2

I am using SequenceInputStream to merge multiple streams into a single stream. I am on JDK8. Following is the code.

private InputStream mergeInputStreams(final Map<String, InputStream> fileAssets, final JSONObject json) throws Exception {

    final List<InputStream> listStreams = new ArrayList<InputStream>();

    listStreams.add(stringToStream(HEADER));
    addToList(json, listStreams);

    listStreams.add(stringToStream(HEADER_2));
    addToList(fileAssets.get(FILE_2), listStreams, true);

    listStreams.add(stringToStream(HEADER_3));
    addToList(fileAssets.get(FILE_3), listStreams, false);

    return new SequenceInputStream(Collections.enumeration(listStreams));
}

private void addToList(final InputStream inputStream, List<InputStream> listStreams, final boolean delimiter) throws Exception {
    final byte[] input = byteArrayFromStream(inputStream);
    listStreams.add(intToStream(input.length));
    listStreams.add(new ByteArrayInputStream(input));
    if (delimiter) {
        listStreams.add(stringToStream("\n"));
    }
}

private void addToList(final JSONObject json, final List<InputStream> listStreams) throws Exception {
    final String jsonString = json.toString();
    listStreams.add(intToStream(jsonString.length()));
    listStreams.add(stringToStream(jsonString));
}

The issue I am having is, I always get the first stream from SequenceInputStream object i.e. I just get the HEADER string. I've tried several options, including

new SequenceInputStream(listStreams.get(9), listStreams.get(9)); 

In the above example, I am trying to merge the same input twice. However, I still get the 9th input stream only once.

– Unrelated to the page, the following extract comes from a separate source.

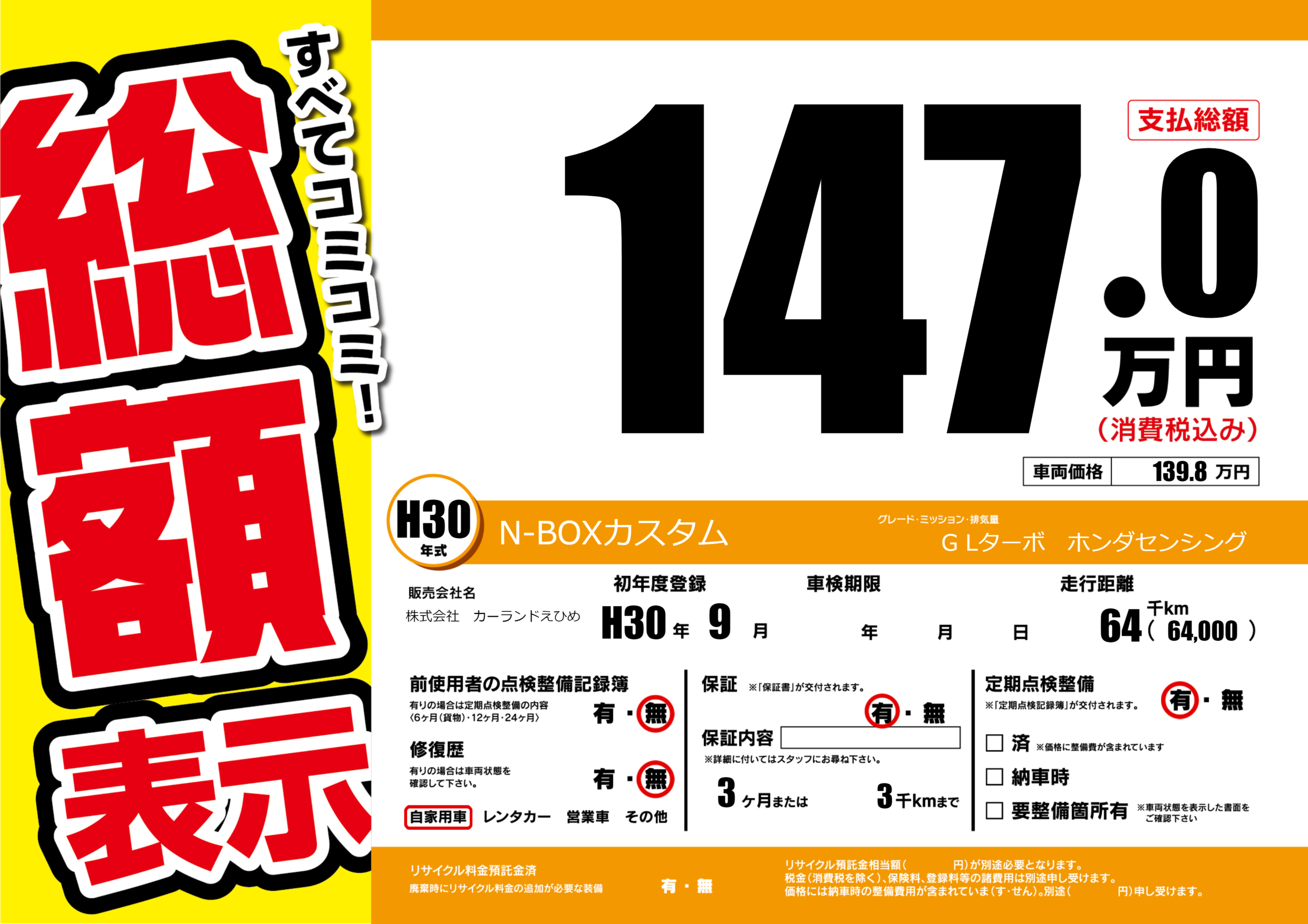 | 走行キロ | 6.4万km | 初年度登録 | H30年9月 |

I have verified that I do get multiple streams in the enumeration.

It would be great if someone could help me understand what's going on here.

Abhishek
  • 323
  • 1
  • 3
  • 8

2 Answers2

2

It will read the first stream until end of stream, then the second, and so on. Possibly that isn't what you're expecting? That also means you can't supply the same stream twice, as it will already have been read completely on the first usage.

I fail to see what constructors have to do with it.

user207421
  • 305,947
  • 44
  • 307
  • 483
  • Yes. I believe it's doing so. I was just experimenting with available. It looks like it returns available stream by stream i.e. if we have 3 streams, first time it will return available() count of only first stream. And it looks like the downstream of my code that's consuming InputReader object is directly calling available() to fetching those many bytes. This seems wrong to me. I will provide an update as I find more. – Abhishek Apr 28 '15 at 08:39
  • 1
    It isn't even obliged to do that. If you're expecting it to return the total length of all the streams, that's a misuse which is specifically warned against in the Javadoc. There are very few correct uses of `available().` Don't use it. – user207421 Apr 28 '15 at 08:43
  • I agree. I happened to check the downstream library that's using this. Let me propose modifying it so that it doesn't use available(). Thanks. – Abhishek Apr 28 '15 at 09:12
0

Here's what we have:

  1. Create a sequenceinputstream object 's' from 'n' streams
  2. upload 's' to S3 using an external library. lib.uploadToS3(s)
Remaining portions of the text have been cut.